Research interests:
My undergraduate major was ecology and philosophy (everybody designed their own). For my senior thesis
I studied forest succession in central Pennsylvania ridge top communities following Gypsy Moth disturbance.
I'm still interested in plant ecology, particularly the history of successional theory.
My master's degree was in Biology and for my thesis work I used experimental populations of Sacchromyces
cerevisiae (brewer's yeast) to ask some questions about adaptive divergence, resource partitioning, and trends
in fitness over evolutionary time (~1000 generations).

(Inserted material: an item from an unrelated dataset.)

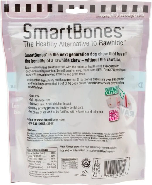 Many veterinarians are concerned with the potential health risks associated with dogs consuming rawhide. Rawhide-free SmartBones chews made with real chicken, vegetables and other healthy ingredients dogs love provide your canine companion with needed chewing exercise and great taste. Veterinarian approved, these chew treats are the healthier alternative to regular rawhide treats which may cause intestinal blockages. SmartBones are 99.2% digestible, which is higher than the digestibility of premium dog foods (85% digestibility). Smart bones for smart dogs!

During the summer of 2006 I returned to the lab of Dr. Sean
O'Connell to conintue this work. I hope to publish my results sooner rather than later.
These days I am interested broadly in the history and philosophy of biology. In the philosophy of biology I'm
concerned mainly with our understanding of fundamental concepts such as drift and selection and how they affect both
theoretical arguments and experimental practice. In particular, I think that recent epistemological and conceptual
arguments about the causal status of drift and selection constrain each other in ways that are helpful in making
progress in the debate over the causal status of population genetics processes. In my dissertation I will
(hopefully) apply this idea to the levels of selection debate and the history of research on founder effect
speciation.
I'm also interested in Darwin studies, namely Darwin's principle of divergence, his understanding of speciation
and his views on human race evolution. I'm interested in the history of speciation from Darwin to the present,
particularly founder effect speciation and sympatric speciation, and I suspect that some of Darwin's thinking,
namely his motivations for adopting the principle of divergence, a form of sympatric speciation, may be helpful
in making progress in current debates about speciation.